Mme Hélène Luc. Monsieur le ministre délégué, j'entends bien votre réponse et j'en prends acte, mais vous ne dites pas que vous allez accorder les crédits nécessaires à un meilleur fonctionnement de ce centre, bien que vous constatiez vous-même qu'il est difficile de le faire fonctionner convenablement.

Evidemment, si vous êtes dans cette situation, c'est parce que l'Etat persiste dans son désengagement en matière de santé publique et dans le domaine de la psychiatrie. Il y a donc tout lieu d'être très inquiet, car les décisions financières ne suivent pas les déclarations d'intention.

Aujourd'hui, la crainte d'un retour à la psychiatrie asilaire, qui aurait pour conséquence une dégradation des soins, est bel et bien présente. La prise en charge et les possibilités d'accompagnement et d'insertion des patients sont de plus en plus difficiles et les cas de plus en plus nombreux.
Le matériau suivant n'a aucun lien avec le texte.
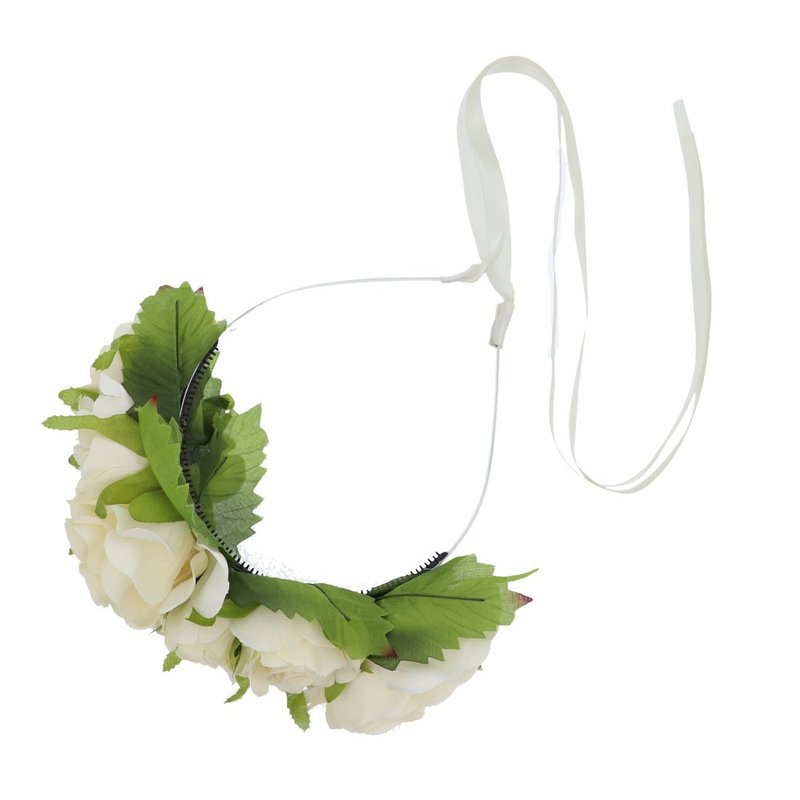 Double Rose Flower Wreath Headband with Ribbon for Women - Ivory
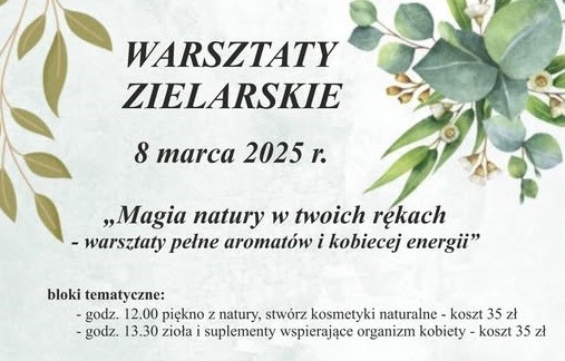 W Pyskowicach z okazji 8 marca przygotowano coś specjalnego dla wszystkich miłośniczek natury! Organizatorzy zapraszają na warsztaty zielarskie „Magia natury w Twoich rękach”, które wprowadzą uczestniczki w świat roślin, ich właściwości oraz zastosowania w codziennym życiu. To idealna okazja, by nauczyć się tworzyć naturalne preparaty, które będą wspierały zdrowie, urodę i dobre samopoczucie.

Cela est particulièrement vrai - monsieur le ministre de l'éducation nationale, cela vous intéresse également - pour les jeunes adolescents, car il est important qu'ils puissent se retrouver dans une antenne qui leur soit réservée. Parfois, je peux en témoigner, avoir un lit, un centre au sein même de la cité peut éviter l'acte le pire qu'on puisse imaginer, c'est-à-dire le suicide.

La DDASS du Val-de-Marne effectue un travail remarquable en dépit d'un manque de moyens en personnels d'encadrement et d'entretien des locaux, et je tiens à saluer les nombreuses actions conduites par les collectivités locales dans le domaine de la santé mentale. Ainsi, le conseil général du Val-de-Marne organise chaque année une Quinzaine de la santé qui suscite un énorme intérêt de la part des médecins et des infirmières scolaires, des assistantes sociales et des parents.

Mais de telles initiatives n'exonèrent en aucune manière l'Etat, qui doit assumer ses responsabilités en s'inspirant de ces initiatives et en les prolongeant, s'agissant notamment de la formation de ces personnels - je m'adresse là à vous, monsieur le ministre de l'éducation nationale -, qui est indispensable au bon fonctionnement de ces centres et de ces hôpitaux.